He hurriedly drew near in order to support her. But she drove him back with a gesture. She was regaining strength, looking so touching, so beautiful, in the little black woollen gown and slippers which she always wore; tall and slender, too, and crowned as with a halo of gold by her beautiful flaxen hair, which was covered with a simple piece of lace. The whole of her virgin form was quivering as if some powerful fermentation had regenerated her. First of all, it was her legs that were relieved of the chains that bound them; and then, while she felt the spirit of life—the life of woman, wife, and mother—within her, there came a final agony, an enormous weight that rose to her very throat. Only, this time, it did not linger there, did not stifle her, but burst from her open mouth, and flew away in a cry of sublime joy.

"I am cured!—I am cured!"

Then there was an extraordinary sight. The blanket lay at her feet, she was triumphant, she had a superb, glowing face. And her cry of cure had resounded with such rapturous delight that the entire crowd was distracted by it. She had become the sole point of interest, the others saw none but her, erect, grown so radiant and so divine.

"I am cured!—I am cured!"

Pierre, at the violent shock his heart had received, had begun to weep. Indeed, tears glistened again in every eye. Amidst exclamations of gratitude and praise, frantic enthusiasm passed from one to another, throwing the thousands of pilgrims who pressed forward to see into a state of violent emotion. Applause broke out, a fury of applause, whose thunder rolled from one to the other end of the valley.

However, Father Fourcade began waving his arms, and Father Massias was at last able to make himself heard from the pulpit: "God has visited us, my dear brothers, my dear sisters!" said he. "/Magnificat anima mea Dominum/, My soul doth magnify the Lord, and my spirit hath rejoiced in God my Saviour."

And then all the voices, the thousands of voices, began the chant of adoration and gratitude. The procession found itself at a stand-still. Abbe Judaine had been able to reach the Grotto with the monstrance, but he patiently remained there before giving the Benediction. The canopy was awaiting him outside the railings, surrounded by priests in surplices and chasubles, all a glitter of white and gold in the rays of the setting sun.

Marie, however, had knelt down, sobbing; and, whilst the canticle lasted, a burning prayer of faith and love ascended from her whole being. But the crowd wanted to see her walk, delighted women called to her, a group surrounded her, and swept her towards the Verification Office, so that the miracle might be proved true, as patent as the very light of the sun. Her box was forgotten, Pierre followed her, while she, stammering and hesitating, she who for seven years had not used her legs, advanced with adorable awkwardness, the uneasy, charming gait of a little child making its first steps; and it was so affecting, so delicious, that the young priest thought of nothing but the immense happiness of seeing her thus return to her childhood. Ah! the dear friend of infancy, the dear tenderness of long ago, so she would at last be the beautiful and charming woman that she had promised to be as a young girl when, in the little garden at Neuilly, she had looked so gay and pretty beneath the tall trees flecked with sunlight!

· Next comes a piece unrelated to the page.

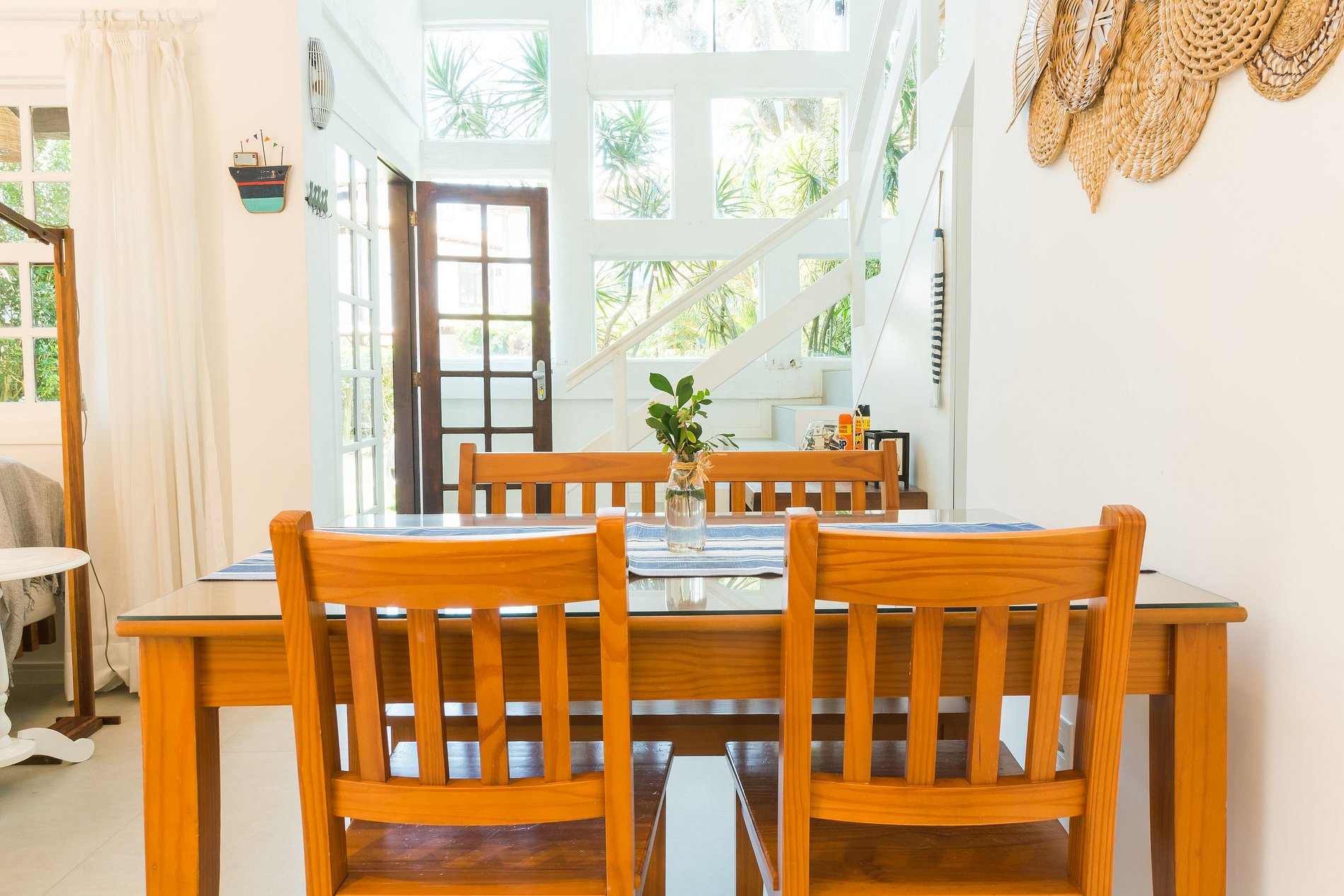A acomodação possui uma suíte e um quarto, os dois no segundo pavimento (com acesso exclusivo por escada). No térreo, uma pequena varanda de entrada dá acesso à casa onde sala de TV, cozinha e sala de jantar se integram em ambiente acolhedor. Arejada e repleta de iluminação natural, a casa ainda conta com uma charmosa varanda com churrasqueira que é garantia de bons momentos, seja em família ou entre amigos.

The crowd continued to applaud her furiously, a huge wave of people accompanied her; and all remained awaiting her egress, swarming in a fever before the door, when she had entered the office, whither Pierre only was admitted with her.

That particular afternoon there were few people at the Verification Office. The small square room, with its hot wooden walls and rudimentary furniture, its rush-bottomed chairs, and its two tables of unequal height, contained, apart from the usual staff only some five or six doctors, seated and silent. At the tables were the inspector of the piscinas and two young Abbes making entries in the registers, and consulting the sets of documents; while Father Dargeles, at one end, wrote a paragraph for his newspaper. And, as it happened, Doctor Bonamy was just then examining Elise Rouquet, who, for the third time, had come to have the increasing cicatrisation of her sore certified.